Robert Bartholomew Pinter was a biomedical engineer and authority on signal processing in the insect visual system.

Education
He received a BS in electrical engineering from Marquette University in 1957 and an MS from Northwestern University in 1960. He received his PhD in electrical engineering and biomedical engineering from Northwestern University in 1964, with a thesis entitled A Study of the Dynamic Properties of the Generator Potential of the Limulus Photoreceptor.

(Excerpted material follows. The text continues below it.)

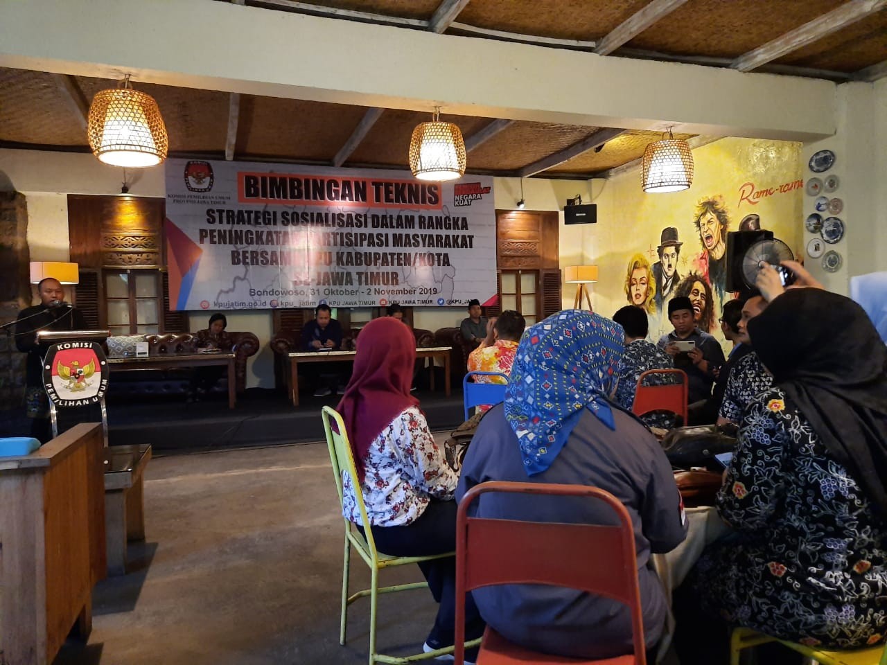 Bondowoso, kab-ngawi.kpu.go.id – Kamis (31/10/2019) KPU Ngawi mengikuti Bimbingan Teknis Strategi Sosialisasi dalam rangka Peningkatan Partisipasi Masyarakat yang di laksanakan oleh KPU Jawa Timur. Kegiatan yang di laksanakan di Bondowoso selama tiga hari tersebut, di buka langsung oleh Ketua KPU Jawa timur Choirul Anam. Dalam sambutannya, mengingatkan kepada Komisioner Kabupaten/Kota untuk selalu kompak, agar kegiatan KPU di daerah masing-masing bisa berjalan sesuai dengan jadwal. Dalam hal Sosialisasi, Ketua KPU Provinsi Jatim meminta Divisi Sosialisasi dan Parmas untuk mencari strategi sosialisasi agar partisipasi meningkat dalam melaksanakan Pilkada 2020. Sedangkan Rochani, Komisioner KPU Jawa Timur Divisi SDM dan Litbang mengingatkan agar komisioner tetap menjaga kondisi kesehatan, karena semakin padatnya acara KPU. Kegiatan Bimtek, dari Ngawi hadir Sudarsono Komisioner yang membidangi Sosialisasi, Pendidikan Pemilih, Partisipasi Masyarakat dan SDM dengan didampingi salah seorang tim Teknis dan Parmas. (Ds)

His MS and PhD were both under Richard W. Jones.

Career
Pinter has joined the University of Washington in 1964 and held joint appointments with the Departments of Electrical Engineering and Zoology. He also held appointments as visiting professor of psychology at Dalhousie University,
Halifax, Nova Scotia, Canada and visiting fellow of the center for visual sciences, Australian National University, Canberra, Australia.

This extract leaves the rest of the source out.